== What you need to do ==
Within the data that follows, set down exactly the lines from the one containing "Троллинг с официального" through the one containing "Una parvada de", both ends included.
*** Opening Records shown ***
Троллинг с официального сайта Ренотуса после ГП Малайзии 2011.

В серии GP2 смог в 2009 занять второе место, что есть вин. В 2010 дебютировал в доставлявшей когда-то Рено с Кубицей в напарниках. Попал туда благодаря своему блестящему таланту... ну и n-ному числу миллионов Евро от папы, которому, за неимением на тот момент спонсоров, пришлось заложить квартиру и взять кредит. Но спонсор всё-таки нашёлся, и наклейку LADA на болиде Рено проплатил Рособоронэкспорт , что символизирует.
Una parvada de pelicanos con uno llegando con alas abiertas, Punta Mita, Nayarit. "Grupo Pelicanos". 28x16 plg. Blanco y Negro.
*** Closing Records shown ***
*** Opening Records shown ***
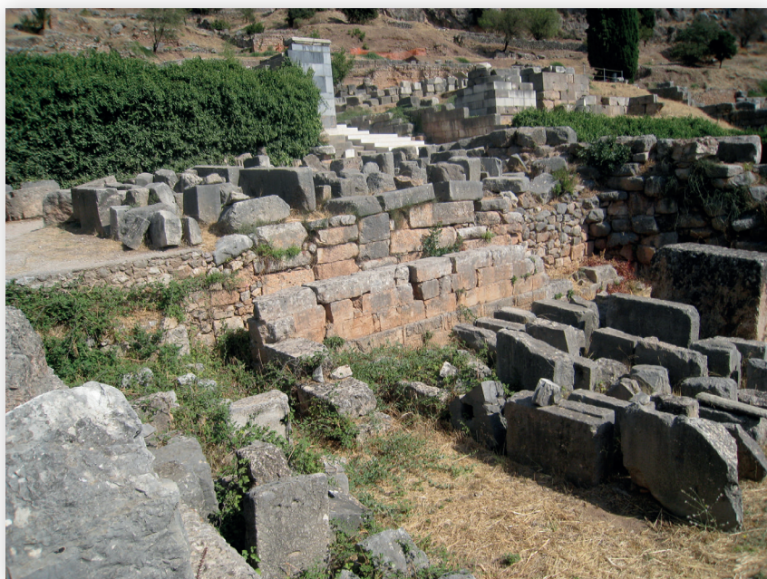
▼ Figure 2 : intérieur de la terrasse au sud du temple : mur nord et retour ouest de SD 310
*** Closing Records shown ***
*** Opening Records shown ***
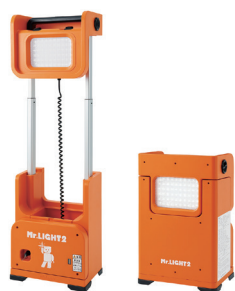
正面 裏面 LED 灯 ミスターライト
*** Closing Records shown ***
== Exercise solution ==
Троллинг с официального сайта Ренотуса после ГП Малайзии 2011.

В серии GP2 смог в 2009 занять второе место, что есть вин. В 2010 дебютировал в доставлявшей когда-то Рено с Кубицей в напарниках. Попал туда благодаря своему блестящему таланту... ну и n-ному числу миллионов Евро от папы, которому, за неимением на тот момент спонсоров, пришлось заложить квартиру и взять кредит. Но спонсор всё-таки нашёлся, и наклейку LADA на болиде Рено проплатил Рособоронэкспорт , что символизирует.
Una parvada de pelicanos con uno llegando con alas abiertas, Punta Mita, Nayarit. "Grupo Pelicanos". 28x16 plg. Blanco y Negro.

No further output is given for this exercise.